Blackwells also suggested using generative AI to create new Disney characters, with a source dryly noting that Blackwells slide decks appear to use AI-generated images with characters that bear some resemblance to Disney characters like Donald Duck, and misspelled words like “subscribber.”
While Disney’s stock price has rebounded after the Feb. 7 earnings call, in which Iger rattled off a slew of new projects, like a Moana animated sequel, a $1.5 billion investment in Epic Games and the acquisition of Taylor Swift’s Eras Tour movie for Disney+, Trian has remained dismissive. Peltz called the news a “throw spaghetti on the wall and see what sticks” strategy.
Beyond the earnings call, Disney has been aggressive in releasing its own letters to shareholders, and using Professor Ludwig Von Drake (he’s Donald Duck’s uncle) to help educate Disney’s retail shareholder base about the vote, seeking to ensure that it does not suffer a repeat of 2004.
A few months after that proxy fight, Roy E. Disney was the keynote speaker at an event hosted by The Council of Institutional Investors, and he took the opportunity to gloat, comparing Eisner to “a third world dictator of a once great country,” and touting the results of his activist campaign as being “unprecedented in the annals of American history.”
Peltz has run more than a few successful proxy fights, mostly in the consumer goods space, and while he does not have the support of the Disney family, he does have some high-profile friends (another Bob Iger nemesis, Tesla founder Elon Musk, was pictured Feb. 3 standing alongside Peltz at the Los Angeles premiere of Lola, directed by Peltz’s daughter Nicola Peltz Beckham).
But Disney’s share price is rebounding, and its corporate strategy is coming together (putting aside the succession issue).

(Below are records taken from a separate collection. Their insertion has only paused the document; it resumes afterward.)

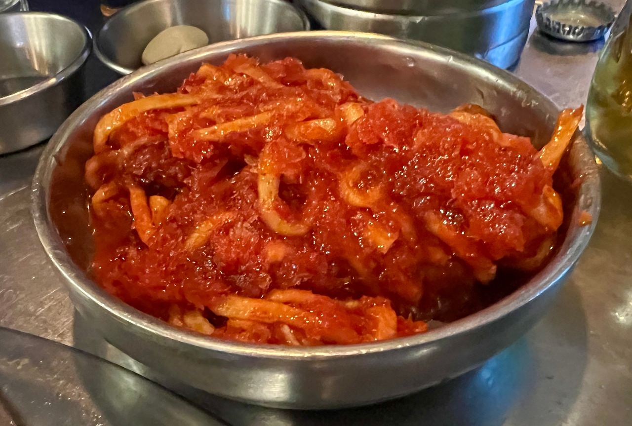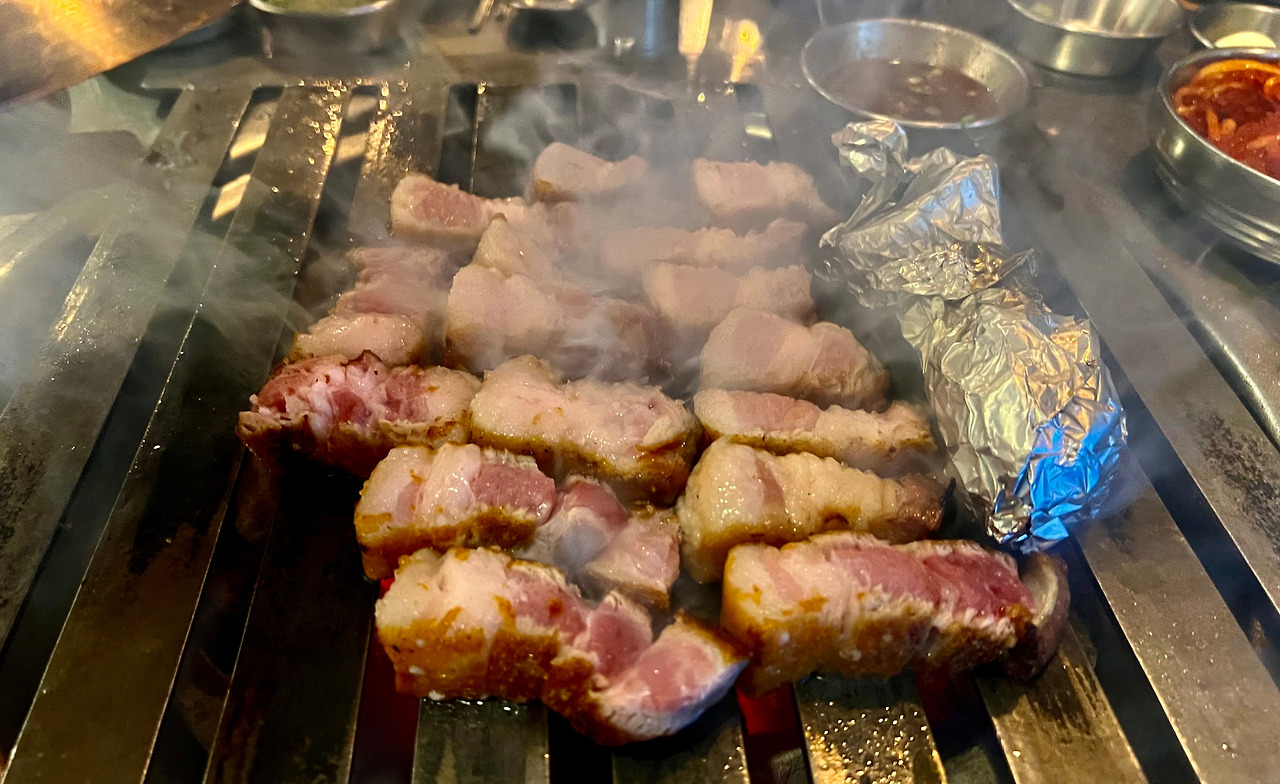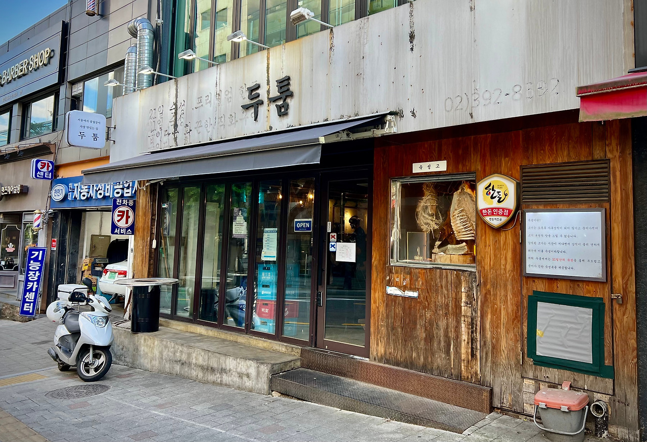 충정로역 부근 <두툼>. 21일 간의 숙성이라는 홍보 문구에서 보듯이 드라이에이징한 고기를 내놓는다. 에이징 기간은 최소 7일 최대 21일. 고기 맛이 정말 좋다. 껍데기항정살은 독특하다. 무채는 살얼음이 생기도록 차게 해서 내놓고, 부산의 대선 소주도 갖다놨다. 고기는 직원이 구워준다. 오후 6시에 가면 웨이팅을 해야 한다. 다 좋은데, 너무 시끄러워서 대화를 할 수가 없다. 그래서 기본으로 시킨 고기만 먹고 서둘러 나왔다.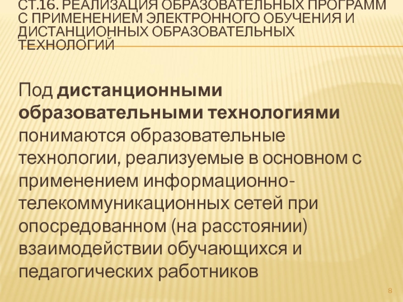 СТ.16. РЕАЛИЗАЦИЯ ОБРАЗОВАТЕЛЬНЫХ ПРОГРАММ С ПРИМЕНЕНИЕМ ЭЛЕКТРОННОГО ОБУЧЕНИЯ И ДИСТАНЦИОННЫХ ОБРАЗОВАТЕЛЬНЫХ ТЕХНОЛОГИЙ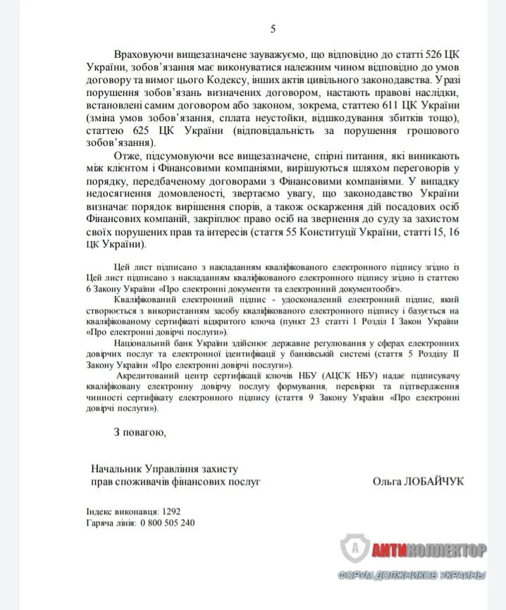 НБУ четко не ответил на те пункты, что я указывала. Я считаю данный ответ очень размытым, да и по телефону после получения этого письма признали, что юрист НБУ мои договора не читал, это стандартный ответ ( они же и говорили, что их юрист вычитывает договора)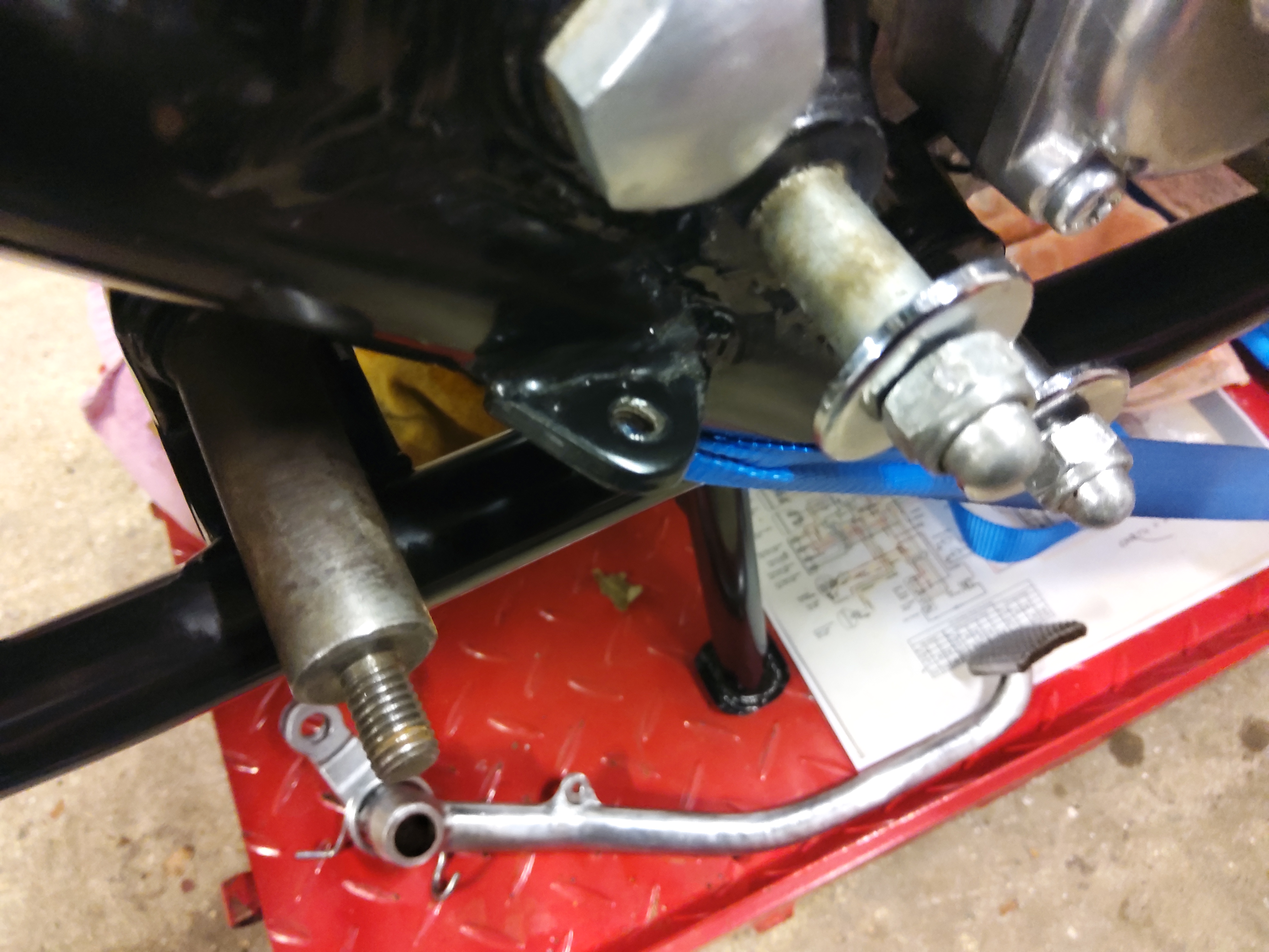 I can't find any reference in the parts schematic to the brake pedal adjuster bolt and nut that screws up through the triangular tang on the frame (see pic). I think it's a M6 and prob 1.0mm pitch but I don't have the length. Can someone confirm that it is an M6 x 1.0mm pitch as I've got to tap the thread to clean it, and let me know the length or the part number if known. Many thanks.

Morgan Stanley’s Ben Swinburne, in a March 3 note titled “realistic optimism,” wrote that the firm was raising its price target on Disney “to reflect a more rapid and confident path to streaming profits in the quarters and years ahead.”
And unlike in 2004, when a majority of Disney’s own employees voted to withhold their votes for Eisner (as recounted in the book DisneyWar), there’s little question whose loyalty they share this time around.

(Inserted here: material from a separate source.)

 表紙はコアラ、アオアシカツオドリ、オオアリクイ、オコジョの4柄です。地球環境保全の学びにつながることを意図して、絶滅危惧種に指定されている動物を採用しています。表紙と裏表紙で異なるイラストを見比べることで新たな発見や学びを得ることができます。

So while the ISS recommendation is still uncertain, and the ability for retail shareholders to sell voting rights is a new wrinkle, there’s reason to believe this proxy fight won’t be like the last one, though the sheer number of players on the field mean that the ending remains unwritten.

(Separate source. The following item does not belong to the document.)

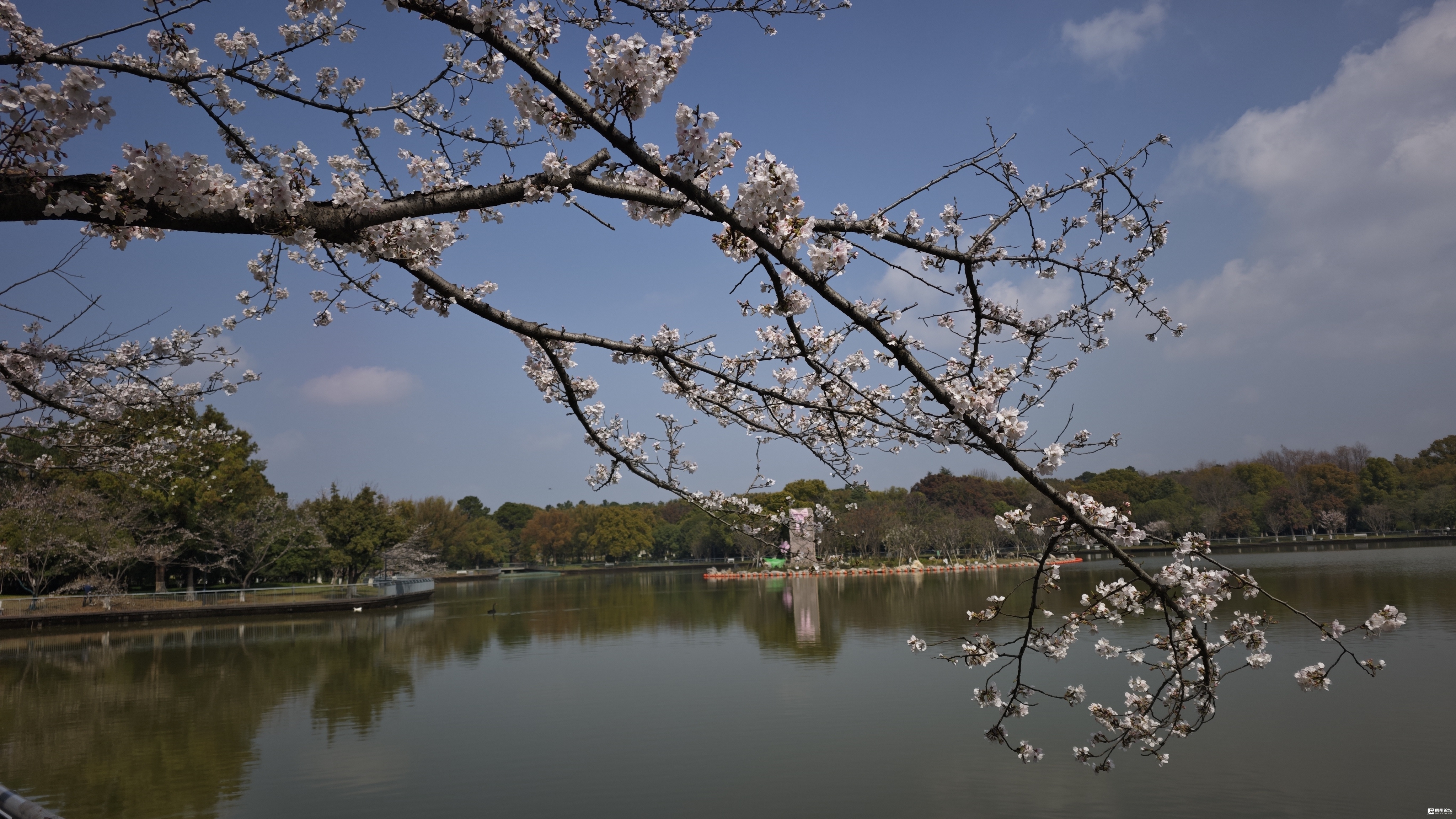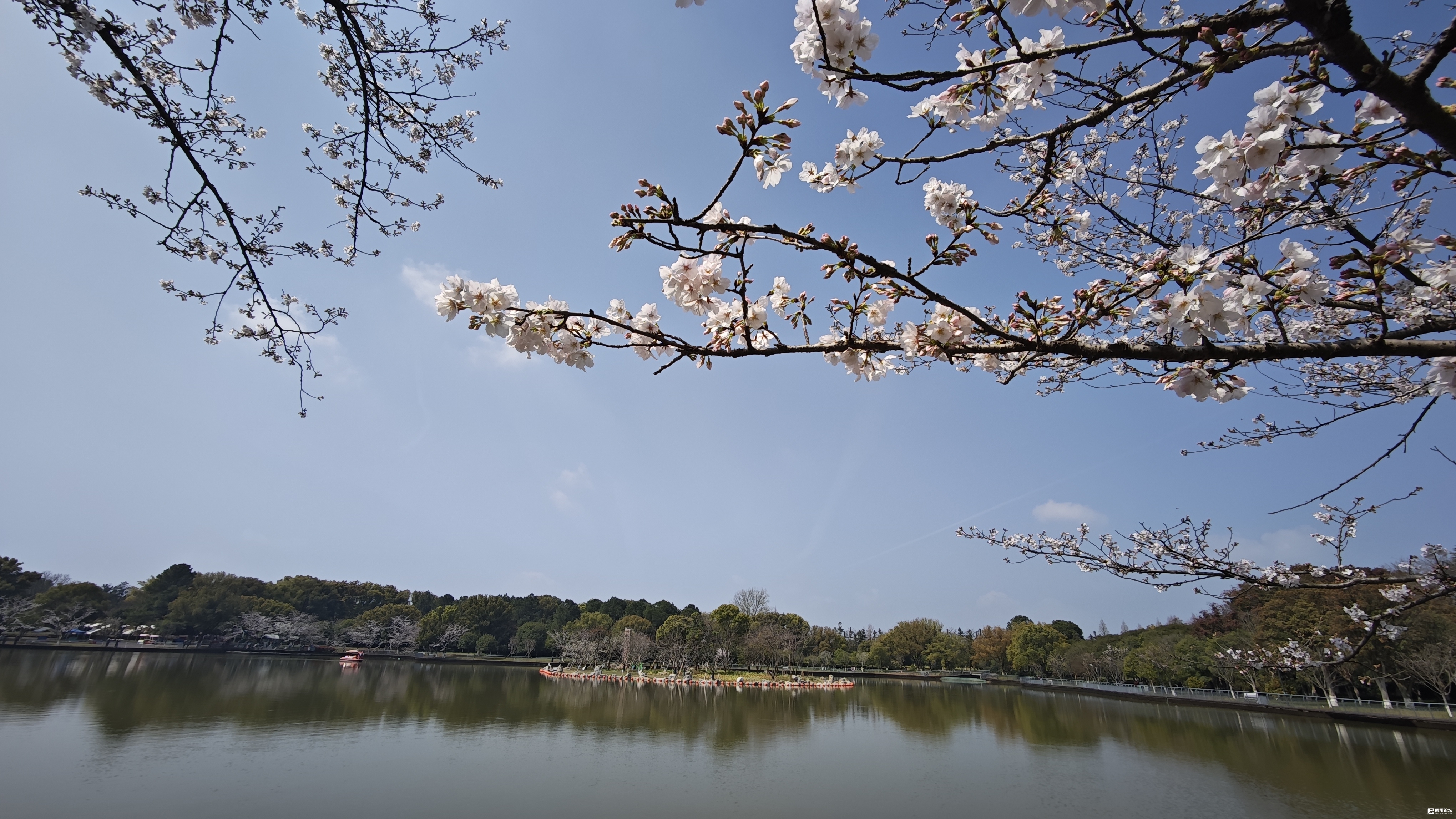 春暖花开,惠风和畅,义乌植物园樱花湖畔的樱花,开的正艳。

Speaking at a Morgan Stanley conference on March 5, Iger seemed exasperated by the proxy fights, noting that managing a company with as many different business lines as Disney “takes not only a significant amount of knowledge, but a tremendous amount of time and focus.”
“And this campaign is in a way designed to distract us, to take our eye off all those balls that we talked about … It’s that simple,” Iger said. “And I am working really hard to not let this distract me. Because when I get distracted, everybody who works for me gets distracted. And that’s not a good thing.”